To further determine the modulating effect of IL-33/ST2 signaling on the NMDARs, the effect of the intrathecal injection of rIL-33 (90 ng) on the expression of NR1 in naive mice was observed. The real-time PCR and Western blot results revealed that at 3 h after the intrathecal injection of rIL-33, the spinal NR1 mRNA (one-way ANOVA, F4,15 = 4.386, P = 0.027) and protein (one-way ANOVA, F3,16 = 4.498, P = 0.032) expression was up-regulated in naive mice, and these changes was returned to the normal levels by 9 or 12 h after rIL-33 injection (fig. 5, D and E). As the same localization with SNI-induced up-regulated NR1, immunofluorescence staining revealed that spinal NR1 was mainly expressed in neurons after rIL-33 injection (fig. 5F). MK-801, a noncompetitive NMDAR antagonist, was coadministered with rIL-33 into the naive mice. MK-801 (500 pmol) nearly completely reversed the rIL-33-induced mechanical (one-way ANOVA, F5,42 = 7.369, P = 0.0069) and cold allodynia (one-way ANOVA, F5,42 = 6.987, P = 0.0028) at 3 h after injection (fig. 5, G and H), which indicates that IL-33 can induce pain hypersensitivity through the up-regulation of the activity of the spinal NMDAR.
Collectively, these data indicate that IL-33/ST2 signaling modulate the up-regulation of spinal NR1 expression in neuropathic pain.
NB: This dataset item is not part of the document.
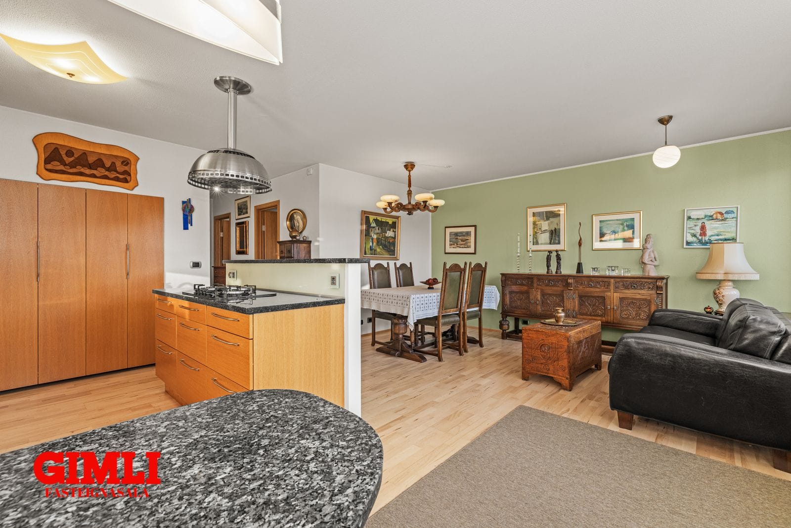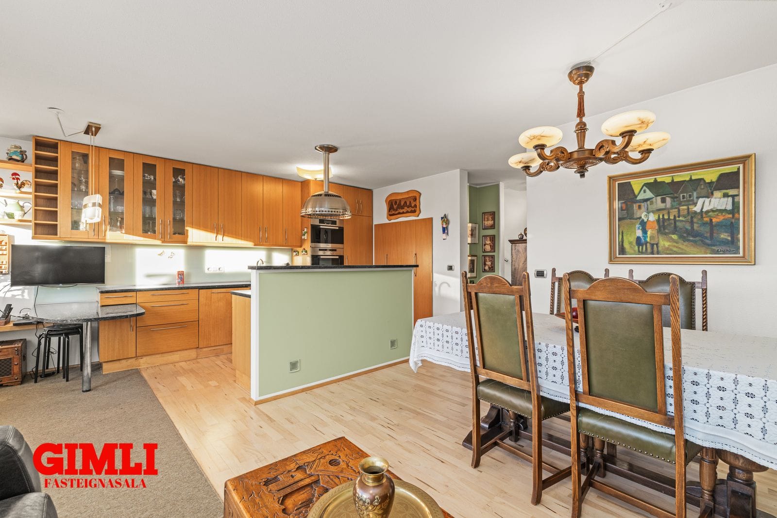 Eldhús: Góð innrétting með granítborðplötum og borðkrók. Gaseldavél. Inn af eldhúsi er þvottarými. Parket á gólfi.

Involvement of the Spinal Neuronal CaMKII–CREB Cascade in IL-33/ST2 Signaling in Neuropathic Pain
We further examined the cellular mechanisms underlying spinal IL-33/ST2 signaling–mediated neuropathic pain. Due to the primary location of spinal ST2 in neurons and astrocytes after SNI (fig. 4), we first explored the neuronal intracellular cascades that underlie IL-33/ST2 signaling. Previous reports have suggested that activated CaMKII and CREB in spinal neurons contribute to the development of neuropathic pain32,33 and that activated CREB mediates the transcriptional regulation of various genes that encode peptides and proteins, such as NR1.15 As shown in figure 6, A and B, after SNI, the levels of pCaMKII/CaMKII (one-way ANOVA, F3,12 = 9.175, P = 0.0012) and pCREB/CREB (one-way ANOVA, F3,12 = 7.649, P = 0.0024) both peaked on the 7th day and remained at high levels until the final examination on the 14th day, whereas there were no significant changes in the sham-operated mice (one-way ANOVA, pCaMKII/CaMKII: F3,12 = 2.662, P = 0.18; pCREB/CREB, F3,12 = 1.938, P = 0.25). Immunofluorescence staining revealed that the increased pCREB-IR was located in the ipsilateral spinal dorsal horn (fig. 6C, top rows). Furthermore, most of the pCREB-IR was colocalized with NeuN-IR (green, middle rows), which indicated that pCREB was mainly activated in the neurons (fig. 4C).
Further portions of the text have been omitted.